Work required:
Find, in the records below, the line that contains "Geniş həyəti olan iki mərtəbəli kərpic villa" and the line that contains "现在它来了。联想今晚推出了搭载 RTX 4080". Copy those two lines and everything between them exactly, but not the pictures.

Working data:
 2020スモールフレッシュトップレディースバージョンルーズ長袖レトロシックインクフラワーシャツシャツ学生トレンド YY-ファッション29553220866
---
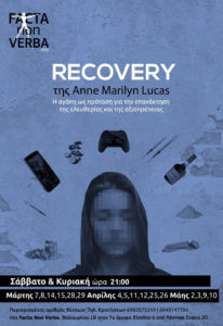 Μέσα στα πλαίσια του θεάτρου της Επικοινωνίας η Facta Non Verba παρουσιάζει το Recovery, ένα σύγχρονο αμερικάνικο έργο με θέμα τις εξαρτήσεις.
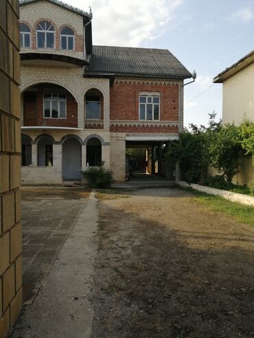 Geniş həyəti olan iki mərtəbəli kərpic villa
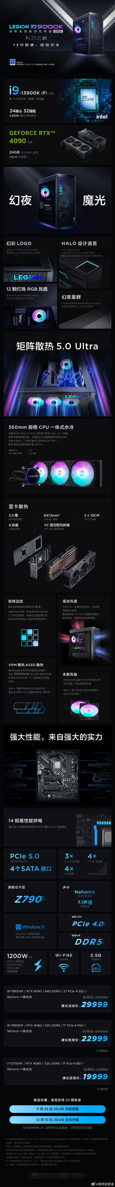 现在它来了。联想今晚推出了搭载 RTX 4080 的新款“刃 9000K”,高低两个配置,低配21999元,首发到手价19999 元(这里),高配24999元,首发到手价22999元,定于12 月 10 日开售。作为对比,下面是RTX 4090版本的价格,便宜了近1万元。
==
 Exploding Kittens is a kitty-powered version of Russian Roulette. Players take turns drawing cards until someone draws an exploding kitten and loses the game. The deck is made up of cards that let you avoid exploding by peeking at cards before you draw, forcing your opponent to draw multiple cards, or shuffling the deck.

Result below:
 Geniş həyəti olan iki mərtəbəli kərpic villa
 现在它来了。联想今晚推出了搭载 RTX 4080 的新款“刃 9000K”,高低两个配置,低配21999元,首发到手价19999 元(这里),高配24999元,首发到手价22999元,定于12 月 10 日开售。作为对比,下面是RTX 4090版本的价格,便宜了近1万元。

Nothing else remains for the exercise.